▶ _EXERCISE PROMPT_: Below are records with pictures. Reproduce exactly the lines from the line with "Malý suchý háčik, čierna" to the line with "Brown Burgundy Leather", inclusive, and leave each picture out.

▶ _INPUT_:
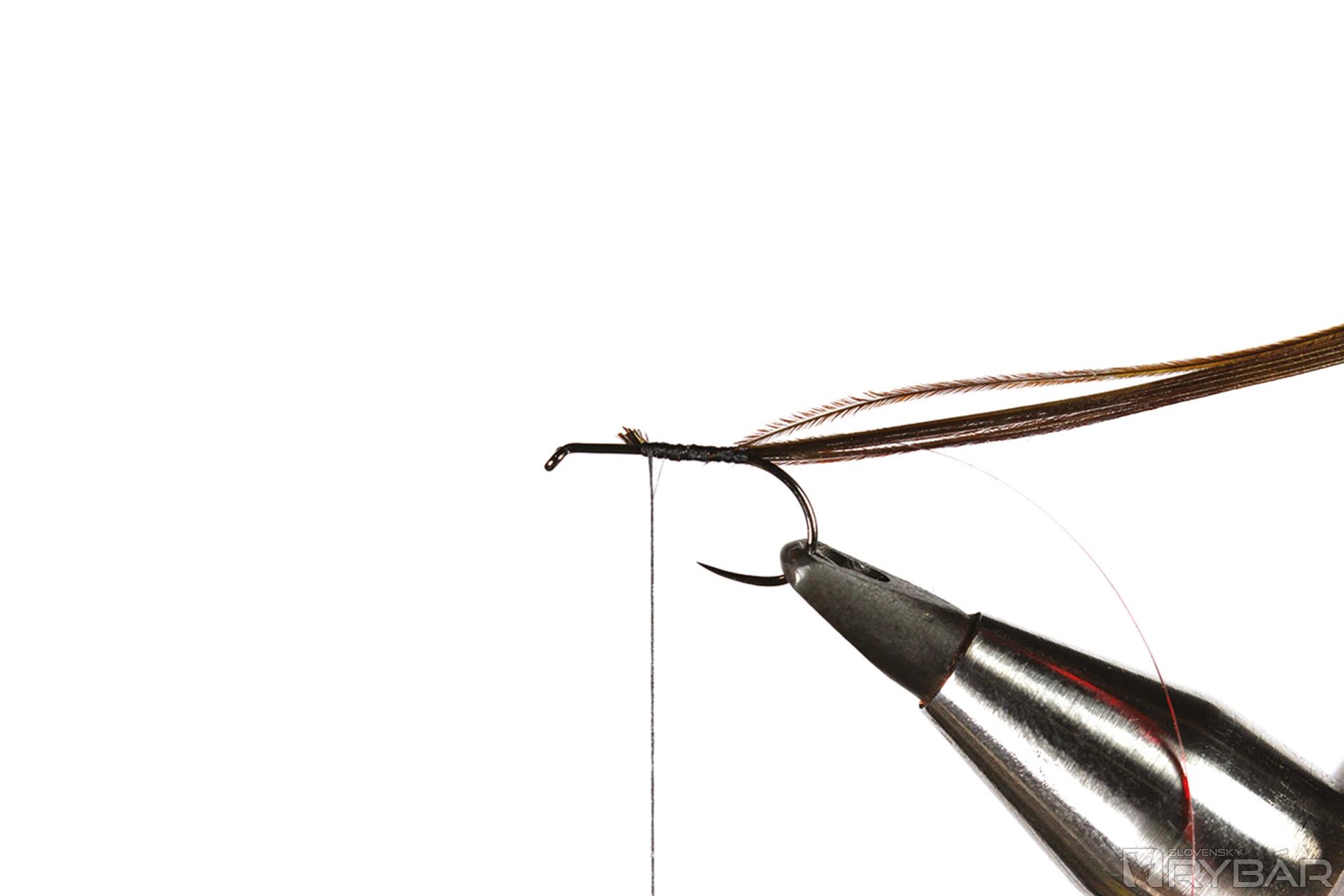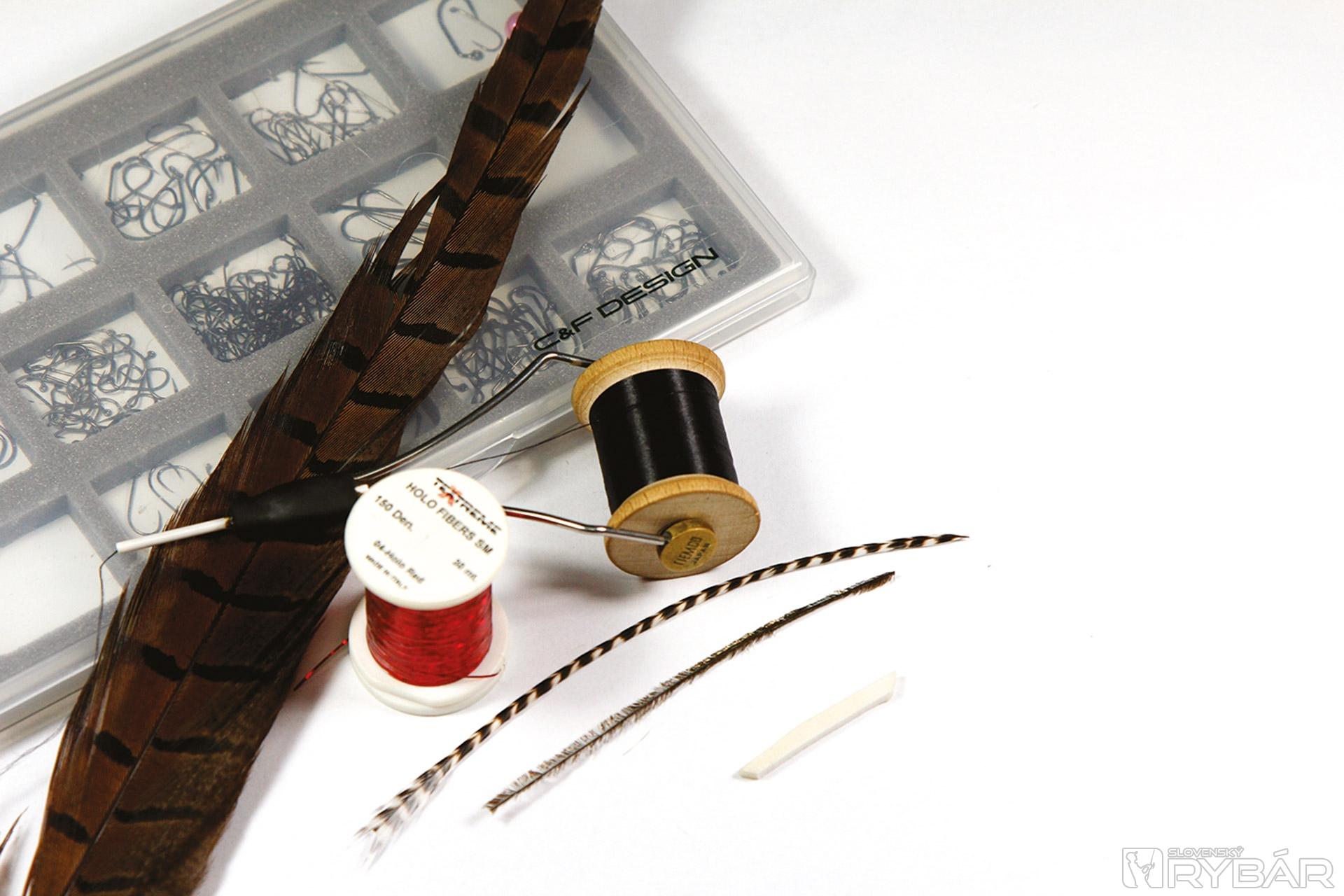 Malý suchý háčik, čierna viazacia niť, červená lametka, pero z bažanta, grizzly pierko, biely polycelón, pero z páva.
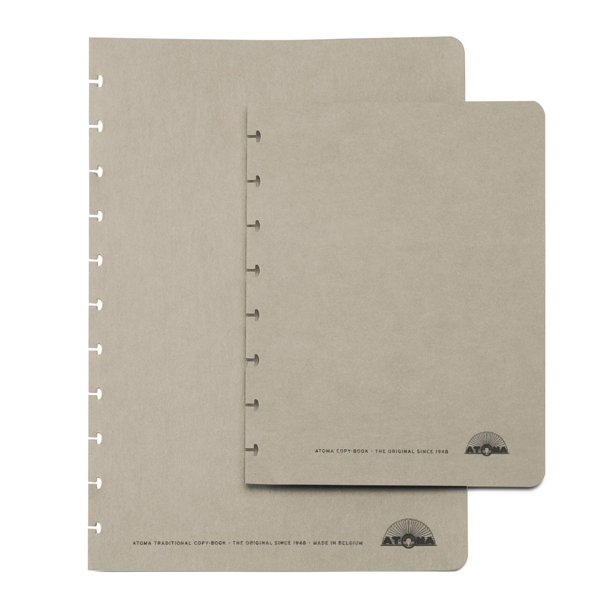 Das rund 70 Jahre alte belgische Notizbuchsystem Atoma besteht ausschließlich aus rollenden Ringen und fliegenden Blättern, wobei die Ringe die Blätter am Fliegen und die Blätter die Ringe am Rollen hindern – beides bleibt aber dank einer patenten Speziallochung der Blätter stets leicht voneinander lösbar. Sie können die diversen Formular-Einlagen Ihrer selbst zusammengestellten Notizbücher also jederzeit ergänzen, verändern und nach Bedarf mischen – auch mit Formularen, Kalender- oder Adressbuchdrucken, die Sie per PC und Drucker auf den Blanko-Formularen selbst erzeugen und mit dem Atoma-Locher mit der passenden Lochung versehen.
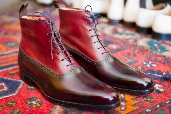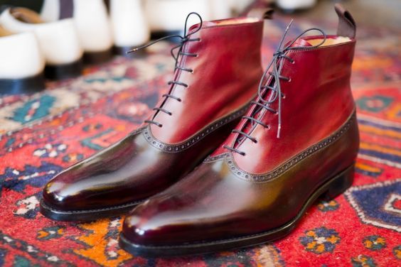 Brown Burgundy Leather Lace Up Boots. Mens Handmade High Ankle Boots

...

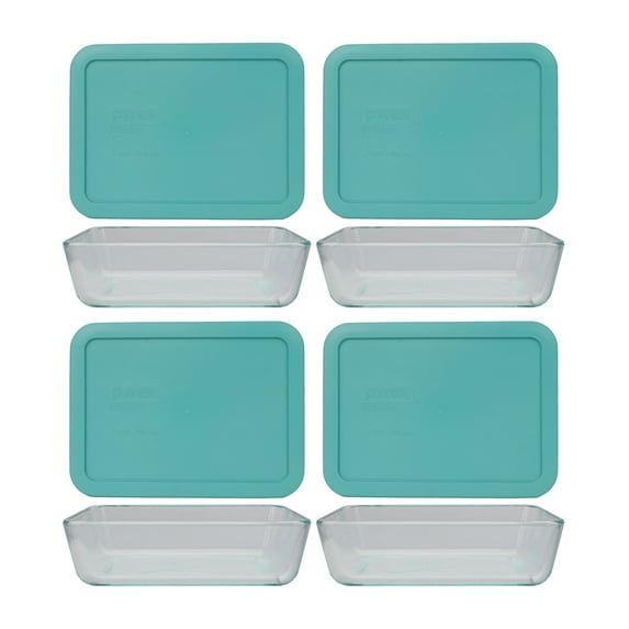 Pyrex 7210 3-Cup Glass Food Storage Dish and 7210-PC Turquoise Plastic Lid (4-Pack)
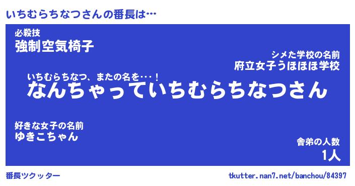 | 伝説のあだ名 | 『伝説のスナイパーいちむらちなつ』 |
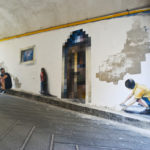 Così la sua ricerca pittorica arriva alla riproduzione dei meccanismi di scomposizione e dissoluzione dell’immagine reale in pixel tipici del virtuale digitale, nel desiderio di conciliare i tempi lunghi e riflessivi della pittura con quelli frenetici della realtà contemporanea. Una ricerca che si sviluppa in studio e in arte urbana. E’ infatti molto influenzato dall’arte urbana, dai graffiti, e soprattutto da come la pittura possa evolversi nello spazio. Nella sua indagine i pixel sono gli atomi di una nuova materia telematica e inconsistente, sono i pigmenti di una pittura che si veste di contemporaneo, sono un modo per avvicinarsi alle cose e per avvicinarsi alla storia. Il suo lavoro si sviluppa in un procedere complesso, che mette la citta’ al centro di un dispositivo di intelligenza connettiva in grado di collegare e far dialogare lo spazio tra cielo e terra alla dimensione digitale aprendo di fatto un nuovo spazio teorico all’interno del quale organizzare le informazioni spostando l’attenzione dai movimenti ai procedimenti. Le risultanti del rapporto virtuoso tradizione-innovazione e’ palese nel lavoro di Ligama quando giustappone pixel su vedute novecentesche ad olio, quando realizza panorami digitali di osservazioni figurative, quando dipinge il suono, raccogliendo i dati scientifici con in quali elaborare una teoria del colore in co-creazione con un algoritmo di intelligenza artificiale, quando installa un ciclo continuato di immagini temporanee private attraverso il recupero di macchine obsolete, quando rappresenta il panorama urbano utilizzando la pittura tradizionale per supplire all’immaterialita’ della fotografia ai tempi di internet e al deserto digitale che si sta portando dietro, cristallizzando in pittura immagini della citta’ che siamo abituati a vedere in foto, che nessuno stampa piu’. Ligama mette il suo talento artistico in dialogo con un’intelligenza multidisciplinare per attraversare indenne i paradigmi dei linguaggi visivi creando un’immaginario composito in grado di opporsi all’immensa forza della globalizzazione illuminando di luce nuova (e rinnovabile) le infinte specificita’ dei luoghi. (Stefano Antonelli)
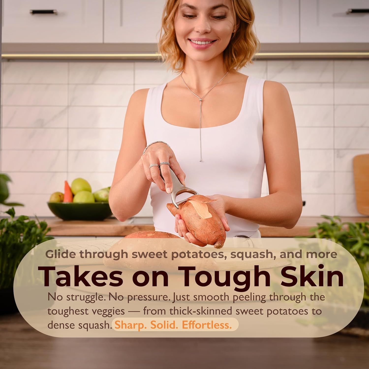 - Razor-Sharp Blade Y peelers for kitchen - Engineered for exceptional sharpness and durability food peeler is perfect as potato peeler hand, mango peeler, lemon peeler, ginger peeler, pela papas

--

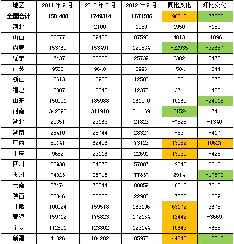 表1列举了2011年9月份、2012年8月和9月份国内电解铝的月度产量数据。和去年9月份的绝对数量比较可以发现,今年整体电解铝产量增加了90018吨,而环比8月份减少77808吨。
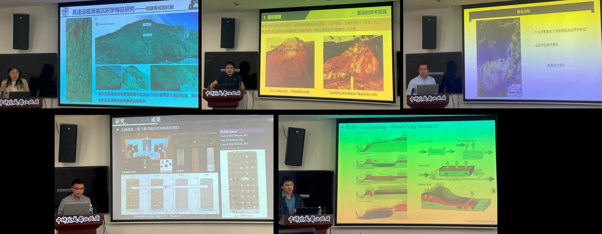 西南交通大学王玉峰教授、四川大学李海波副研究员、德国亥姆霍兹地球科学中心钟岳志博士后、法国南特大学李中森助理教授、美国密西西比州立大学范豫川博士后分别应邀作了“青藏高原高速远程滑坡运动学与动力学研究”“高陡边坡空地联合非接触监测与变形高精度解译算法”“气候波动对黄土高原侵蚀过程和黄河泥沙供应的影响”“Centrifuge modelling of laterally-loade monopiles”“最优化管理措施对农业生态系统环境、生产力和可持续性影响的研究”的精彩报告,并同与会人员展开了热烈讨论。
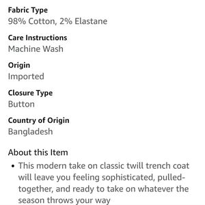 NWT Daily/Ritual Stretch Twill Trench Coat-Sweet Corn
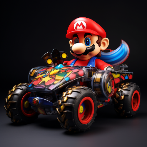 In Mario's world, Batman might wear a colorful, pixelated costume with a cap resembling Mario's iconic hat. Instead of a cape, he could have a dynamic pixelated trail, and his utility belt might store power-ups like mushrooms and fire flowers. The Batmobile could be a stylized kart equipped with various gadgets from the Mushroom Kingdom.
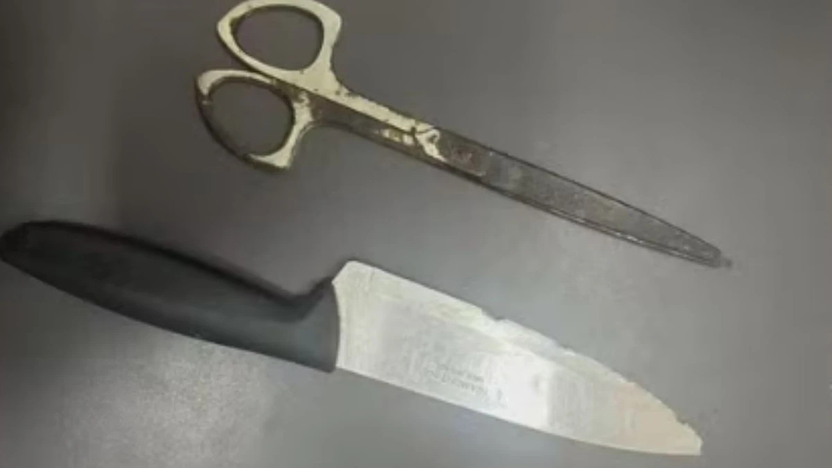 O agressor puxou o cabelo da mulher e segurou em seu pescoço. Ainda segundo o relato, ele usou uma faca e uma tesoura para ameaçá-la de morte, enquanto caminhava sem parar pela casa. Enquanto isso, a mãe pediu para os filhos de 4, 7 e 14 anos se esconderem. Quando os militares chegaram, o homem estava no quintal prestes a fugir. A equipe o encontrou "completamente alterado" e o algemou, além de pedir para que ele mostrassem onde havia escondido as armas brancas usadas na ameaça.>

▶ _SOLUTION TO THIS TASK_:
 Malý suchý háčik, čierna viazacia niť, červená lametka, pero z bažanta, grizzly pierko, biely polycelón, pero z páva.
 Das rund 70 Jahre alte belgische Notizbuchsystem Atoma besteht ausschließlich aus rollenden Ringen und fliegenden Blättern, wobei die Ringe die Blätter am Fliegen und die Blätter die Ringe am Rollen hindern – beides bleibt aber dank einer patenten Speziallochung der Blätter stets leicht voneinander lösbar. Sie können die diversen Formular-Einlagen Ihrer selbst zusammengestellten Notizbücher also jederzeit ergänzen, verändern und nach Bedarf mischen – auch mit Formularen, Kalender- oder Adressbuchdrucken, die Sie per PC und Drucker auf den Blanko-Formularen selbst erzeugen und mit dem Atoma-Locher mit der passenden Lochung versehen.
 Brown Burgundy Leather Lace Up Boots. Mens Handmade High Ankle Boots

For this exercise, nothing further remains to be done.